SUPPLIED INFORMATION:
+-------+

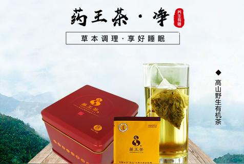 药王茶是一种高山野生茶的商标名。 药王茶的高山野生、有机特性以及对身体良好的保健调理功效,决定了其优良的养生价值。陕西太白山天然植物开发有限公司成立之初,便和陕西中医药大学及相关机构通力合作,从植物的种属、资源分布、有效成分、毒理实验、养生机理、最佳采收期及加工工艺等全方位进行开发研究。历经无数次考察摸索、克服了重重困难、解决了种种难题。“药王茶”最终被国家卫计委特批为食品代用茶、被国家认监委添加入“有机食品认证目录”,且是目录中“野生采集”项下唯一的品种。
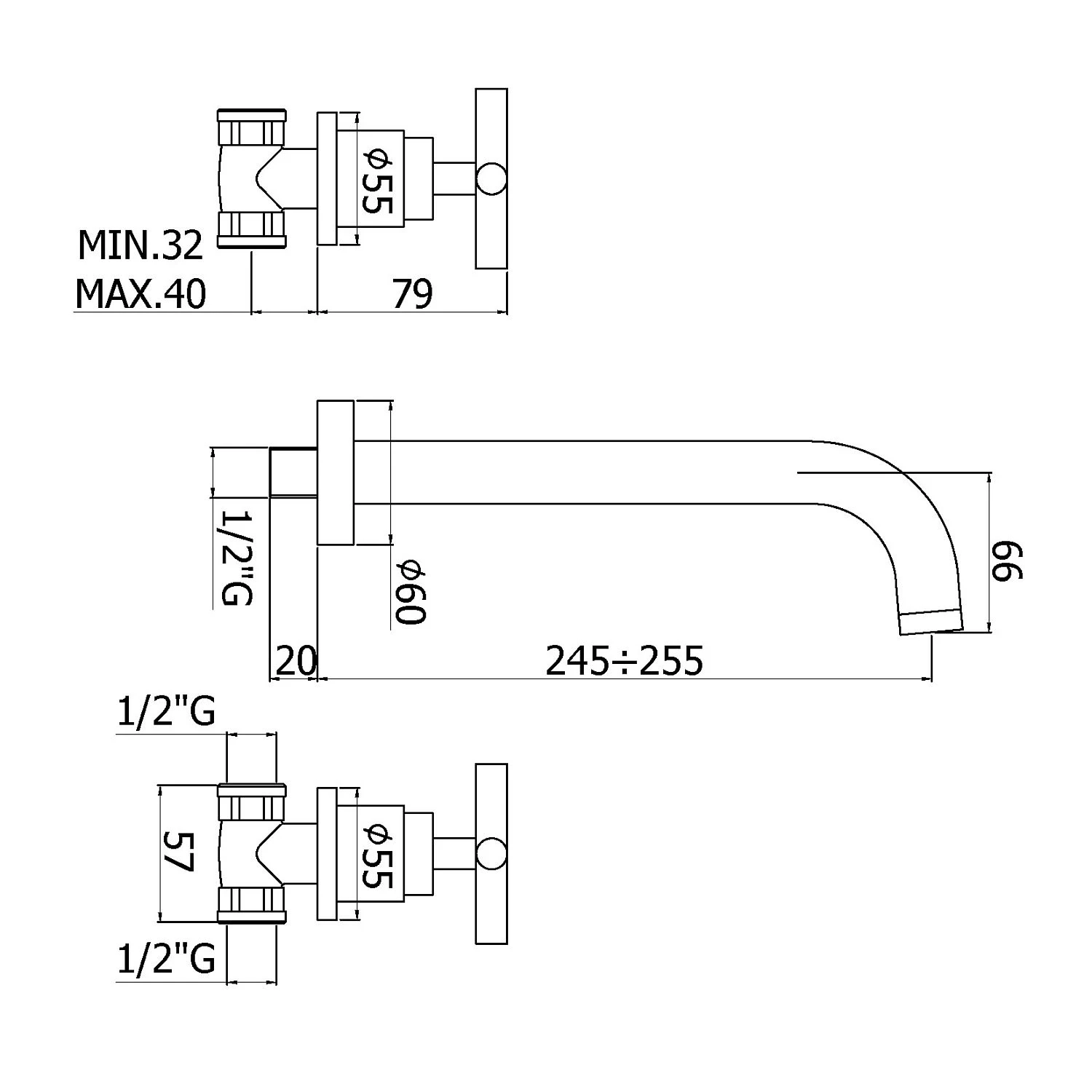 Kronenbach Zeta 2.0 Dreiloch-UP-Waschtischmischer Ausladung 24,5 cm
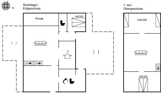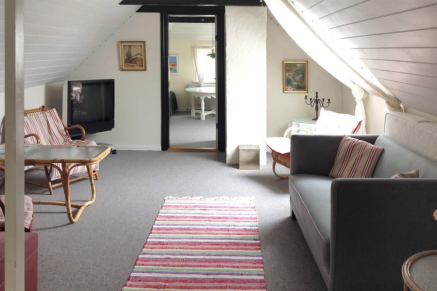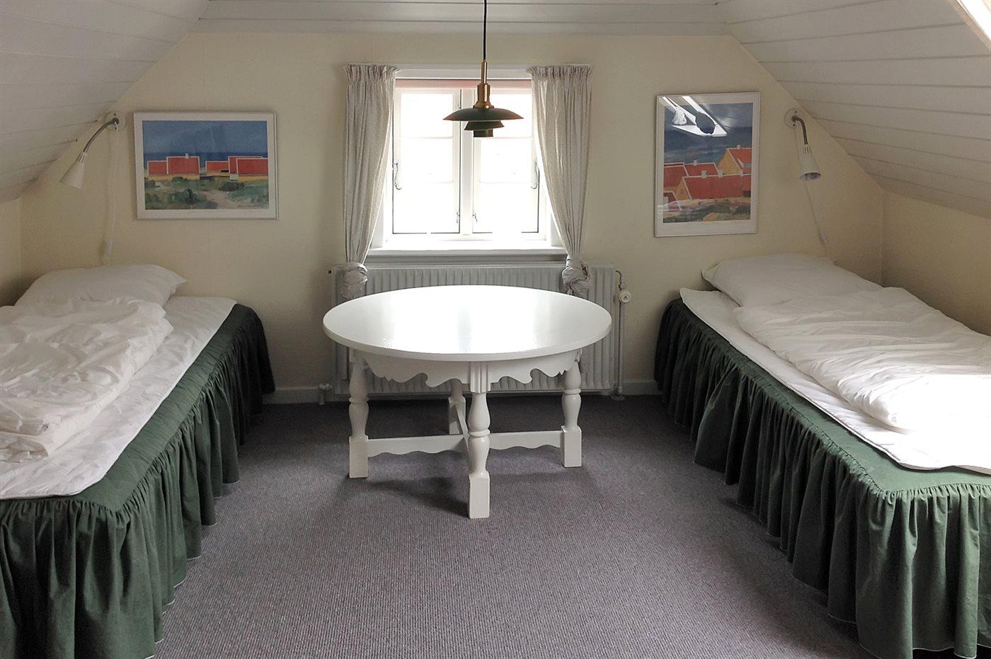 Der er i alt 3 soveværelser. Sovepladserne fordeler sig på: 4 sovepladser i dobbeltsenge. 2 sovepladser i enkeltsenge.

+-------+

WHAT YOU WILL DO: Word for word, restate the material above; do not carry over the pictures.

WRITTEN RESPONSE:
 药王茶是一种高山野生茶的商标名。 药王茶的高山野生、有机特性以及对身体良好的保健调理功效,决定了其优良的养生价值。陕西太白山天然植物开发有限公司成立之初,便和陕西中医药大学及相关机构通力合作,从植物的种属、资源分布、有效成分、毒理实验、养生机理、最佳采收期及加工工艺等全方位进行开发研究。历经无数次考察摸索、克服了重重困难、解决了种种难题。“药王茶”最终被国家卫计委特批为食品代用茶、被国家认监委添加入“有机食品认证目录”,且是目录中“野生采集”项下唯一的品种。
 Kronenbach Zeta 2.0 Dreiloch-UP-Waschtischmischer Ausladung 24,5 cm
 Der er i alt 3 soveværelser. Sovepladserne fordeler sig på: 4 sovepladser i dobbeltsenge. 2 sovepladser i enkeltsenge.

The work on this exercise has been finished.